Thursday, September 01, 2005

Submitted Without Comment

What can I say?

From Editor & Publisher, extracted at Yahoo! News (emphasis mine):
New Orleans had long known it was highly vulnerable to flooding and a direct hit from a hurricane. In fact, the federal government has been working with state and local officials in the region since the late 1960s on major hurricane and flood relief efforts. When flooding from a massive rainstorm in May 1995 killed six people, Congress authorized the Southeast Louisiana Urban Flood Control Project, or SELA.

Over the next 10 years, the Army Corps of Engineers, tasked with carrying out SELA, spent $430 million on shoring up levees and building pumping stations, with $50 million in local aid. But at least $250 million in crucial projects remained, even as hurricane activity in the Atlantic Basin increased dramatically and the levees surrounding New Orleans continued to subside.

Yet after 2003, the flow of federal dollars toward SELA dropped to a trickle. The Corps never tried to hide the fact that the
spending pressures of the war in Iraq, as well as homeland security -- coming at the same time as federal tax cuts -- was the reason for the strain. At least nine articles in the Times-Picayune from 2004 and 2005 specifically cite the cost of Iraq as a reason for the lack of hurricane- and flood-control dollars.

Newhouse News Service, in an article posted late Tuesday night at The Times-Picayune web site, reported: "No one can say they didn't see it coming....Now in the wake of one of the worst storms ever, serious questions are being asked about the lack of preparation."

In early 2004, as the cost of the conflict in Iraq soared, President Bush proposed spending less than 20 percent of what the Corps said was needed for Lake Pontchartrain, according to a Feb. 16, 2004, article, in New Orleans CityBusiness.
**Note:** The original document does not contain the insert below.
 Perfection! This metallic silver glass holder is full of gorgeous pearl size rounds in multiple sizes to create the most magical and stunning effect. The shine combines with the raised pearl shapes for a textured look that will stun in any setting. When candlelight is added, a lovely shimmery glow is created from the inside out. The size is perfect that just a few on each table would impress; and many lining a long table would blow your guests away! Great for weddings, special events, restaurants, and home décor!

On June 8, 2004, Walter Maestri, emergency management chief for Jefferson Parish, Louisiana; told the Times-Picayune: "It appears that the money has been moved in the president's budget to handle homeland security and the war in Iraq, and I suppose that's the price we pay."...

3 comments:

Anonymous said...

Sure, armed gangs are roaming the streets of New Orleans, people are keeling over dead at the Superdome, snipers are firing on hospitals, the streets are littered with human waste and corpses...

But these folks are safe from al Qaeda!

Anonymous said...

Nothing surprises me about this administration anymore. The head of FEMA says that the victims of this hurricane share some responsibility for their current situation. So now the administration's victim blaming begins.

I've read stories about New Orleans residents who wouldn't/couldn't leave ill, home-bound, or dying family members. I've read stories about poor people who simply didn't have the means to evacuate the city -- no money, no transportation, no place to go, nobody to stay with. Was New Orleans putting people on buses to evacuate them before the hurricane hit? Was there an organized effort to ship out those poor who simply didn't have a car gassed up and waiting? Something tells me there wasn't.

But of course, it's the fault of the victims that they didn't leave.

Kevin Wolf said...

Something as precious as a city like New Orleans belongs to all of us. I've no problem with my tax dollars flowing there. Certainly money better spent than on Halliburton - er, Iraq.